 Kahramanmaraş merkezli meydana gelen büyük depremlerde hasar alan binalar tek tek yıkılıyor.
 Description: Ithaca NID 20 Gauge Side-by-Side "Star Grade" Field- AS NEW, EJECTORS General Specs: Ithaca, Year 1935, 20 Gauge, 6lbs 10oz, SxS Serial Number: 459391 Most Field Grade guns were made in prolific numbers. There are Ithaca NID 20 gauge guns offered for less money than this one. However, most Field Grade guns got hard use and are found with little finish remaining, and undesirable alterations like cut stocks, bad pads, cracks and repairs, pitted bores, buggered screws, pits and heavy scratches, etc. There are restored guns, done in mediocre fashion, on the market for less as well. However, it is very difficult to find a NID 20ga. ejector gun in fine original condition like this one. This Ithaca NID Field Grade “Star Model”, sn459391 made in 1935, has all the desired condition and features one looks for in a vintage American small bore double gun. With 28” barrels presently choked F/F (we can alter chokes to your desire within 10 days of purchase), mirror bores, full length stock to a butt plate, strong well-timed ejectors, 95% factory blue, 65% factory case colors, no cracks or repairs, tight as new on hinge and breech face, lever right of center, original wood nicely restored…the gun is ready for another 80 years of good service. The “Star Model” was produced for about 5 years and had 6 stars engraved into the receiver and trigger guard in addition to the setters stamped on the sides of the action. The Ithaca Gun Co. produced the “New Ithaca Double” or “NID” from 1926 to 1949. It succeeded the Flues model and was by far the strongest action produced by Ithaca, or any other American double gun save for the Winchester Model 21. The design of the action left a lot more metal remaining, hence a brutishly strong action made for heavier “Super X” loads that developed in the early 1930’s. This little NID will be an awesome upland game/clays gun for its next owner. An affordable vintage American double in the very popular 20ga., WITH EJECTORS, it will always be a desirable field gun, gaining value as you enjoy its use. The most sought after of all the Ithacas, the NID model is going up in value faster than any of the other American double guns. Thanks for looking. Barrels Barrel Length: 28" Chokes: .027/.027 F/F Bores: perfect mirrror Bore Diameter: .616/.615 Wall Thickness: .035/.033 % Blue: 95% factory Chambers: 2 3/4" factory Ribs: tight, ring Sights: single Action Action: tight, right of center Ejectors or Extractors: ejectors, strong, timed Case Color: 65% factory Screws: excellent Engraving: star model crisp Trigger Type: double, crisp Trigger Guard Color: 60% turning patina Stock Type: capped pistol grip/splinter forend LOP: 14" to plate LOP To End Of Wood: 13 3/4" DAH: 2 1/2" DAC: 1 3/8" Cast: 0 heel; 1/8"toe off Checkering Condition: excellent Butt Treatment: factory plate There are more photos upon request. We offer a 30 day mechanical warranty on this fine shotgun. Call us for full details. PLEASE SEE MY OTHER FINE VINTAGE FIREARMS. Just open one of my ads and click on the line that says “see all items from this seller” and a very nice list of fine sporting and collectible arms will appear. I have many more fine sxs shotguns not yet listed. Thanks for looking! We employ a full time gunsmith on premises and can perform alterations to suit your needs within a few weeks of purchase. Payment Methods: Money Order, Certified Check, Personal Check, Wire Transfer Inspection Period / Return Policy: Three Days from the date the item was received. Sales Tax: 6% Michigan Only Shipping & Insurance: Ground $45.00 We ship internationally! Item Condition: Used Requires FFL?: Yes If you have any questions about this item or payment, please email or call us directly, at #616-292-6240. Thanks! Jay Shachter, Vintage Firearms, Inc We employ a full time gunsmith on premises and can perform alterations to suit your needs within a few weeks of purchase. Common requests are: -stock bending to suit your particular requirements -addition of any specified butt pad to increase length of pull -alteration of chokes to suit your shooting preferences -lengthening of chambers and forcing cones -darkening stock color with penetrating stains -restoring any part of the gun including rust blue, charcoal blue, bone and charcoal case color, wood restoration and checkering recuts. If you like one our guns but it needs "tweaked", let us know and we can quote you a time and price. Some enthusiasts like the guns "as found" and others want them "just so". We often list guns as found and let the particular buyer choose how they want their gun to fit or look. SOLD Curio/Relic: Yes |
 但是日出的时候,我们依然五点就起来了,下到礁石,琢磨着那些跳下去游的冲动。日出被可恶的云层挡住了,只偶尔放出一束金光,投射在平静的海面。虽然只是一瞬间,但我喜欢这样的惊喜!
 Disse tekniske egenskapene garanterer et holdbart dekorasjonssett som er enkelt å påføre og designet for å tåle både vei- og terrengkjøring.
· · · ·
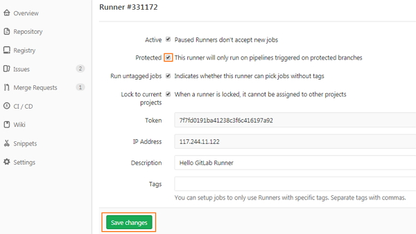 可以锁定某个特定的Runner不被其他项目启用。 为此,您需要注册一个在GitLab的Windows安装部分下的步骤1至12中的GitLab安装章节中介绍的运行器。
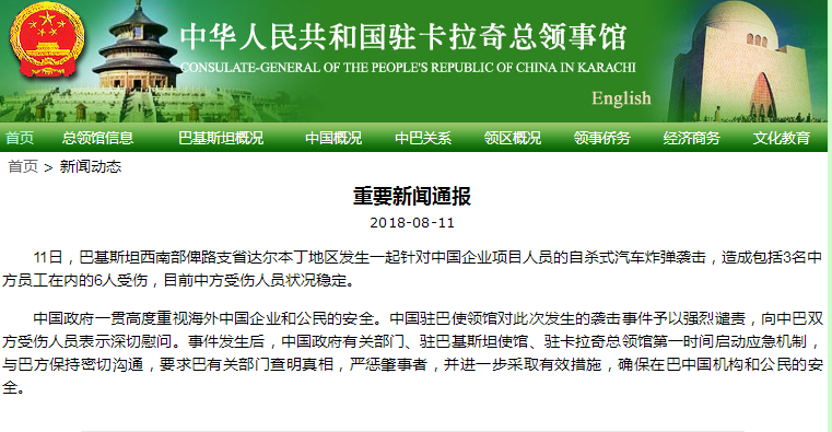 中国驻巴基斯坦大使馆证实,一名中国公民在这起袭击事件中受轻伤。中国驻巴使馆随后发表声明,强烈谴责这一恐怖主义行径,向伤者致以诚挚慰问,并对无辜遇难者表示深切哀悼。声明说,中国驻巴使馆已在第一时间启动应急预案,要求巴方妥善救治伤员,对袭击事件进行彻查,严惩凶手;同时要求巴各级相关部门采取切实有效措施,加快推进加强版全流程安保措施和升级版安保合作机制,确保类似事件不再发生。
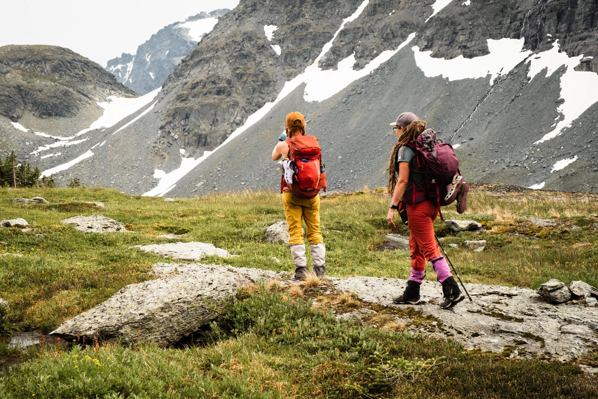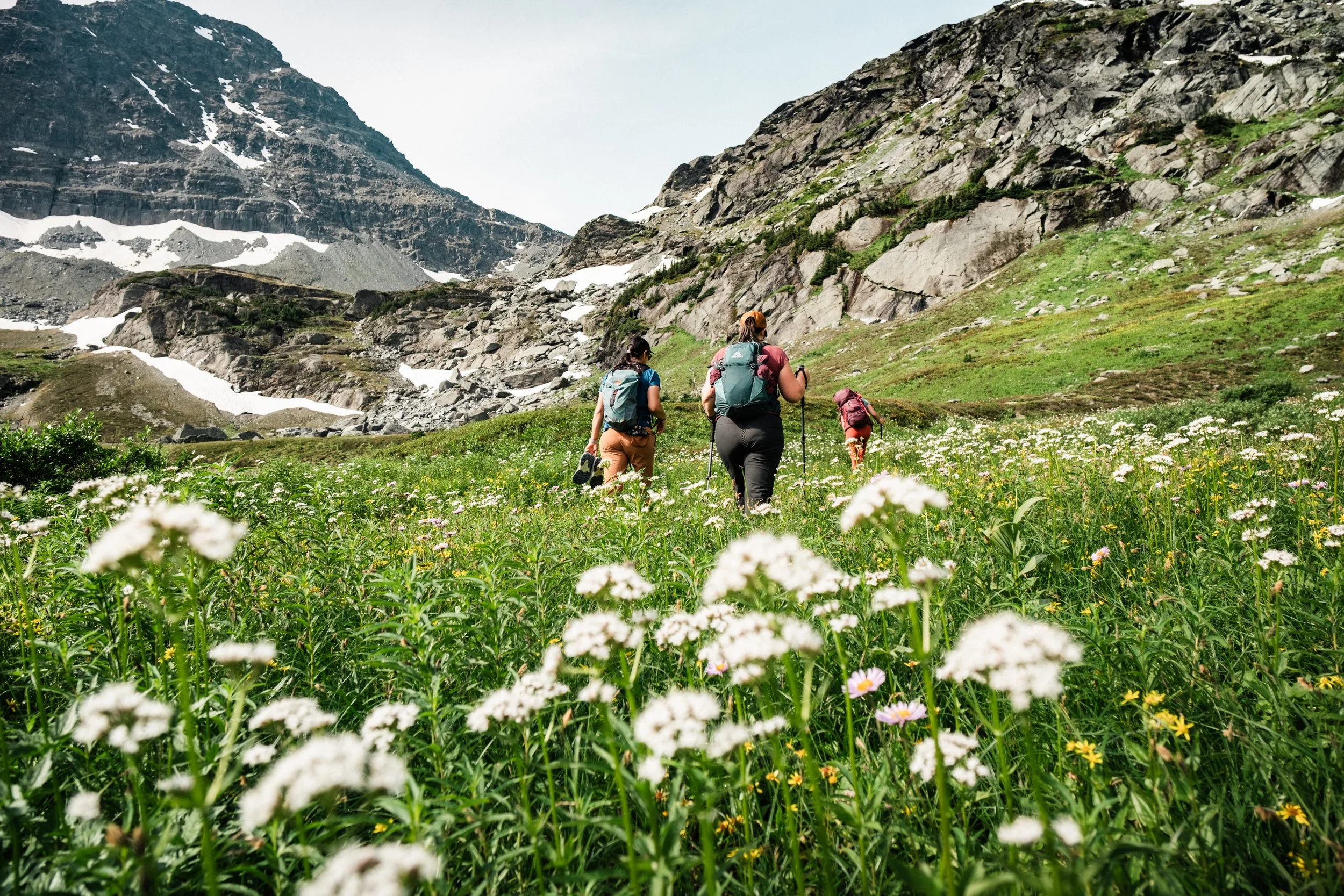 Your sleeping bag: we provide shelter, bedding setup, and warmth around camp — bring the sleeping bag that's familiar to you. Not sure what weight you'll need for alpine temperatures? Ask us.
· · · ·
■ What the exercise asks ■
Using the entries shown above, reproduce verbatim the lines from the line bearing "但是日出的时候,我们依然五点" to the line bearing "Disse tekniske egenskapene", inclusive.

■ Output of the task ■
 但是日出的时候,我们依然五点就起来了,下到礁石,琢磨着那些跳下去游的冲动。日出被可恶的云层挡住了,只偶尔放出一束金光,投射在平静的海面。虽然只是一瞬间,但我喜欢这样的惊喜!
 Disse tekniske egenskapene garanterer et holdbart dekorasjonssett som er enkelt å påføre og designet for å tåle både vei- og terrengkjøring.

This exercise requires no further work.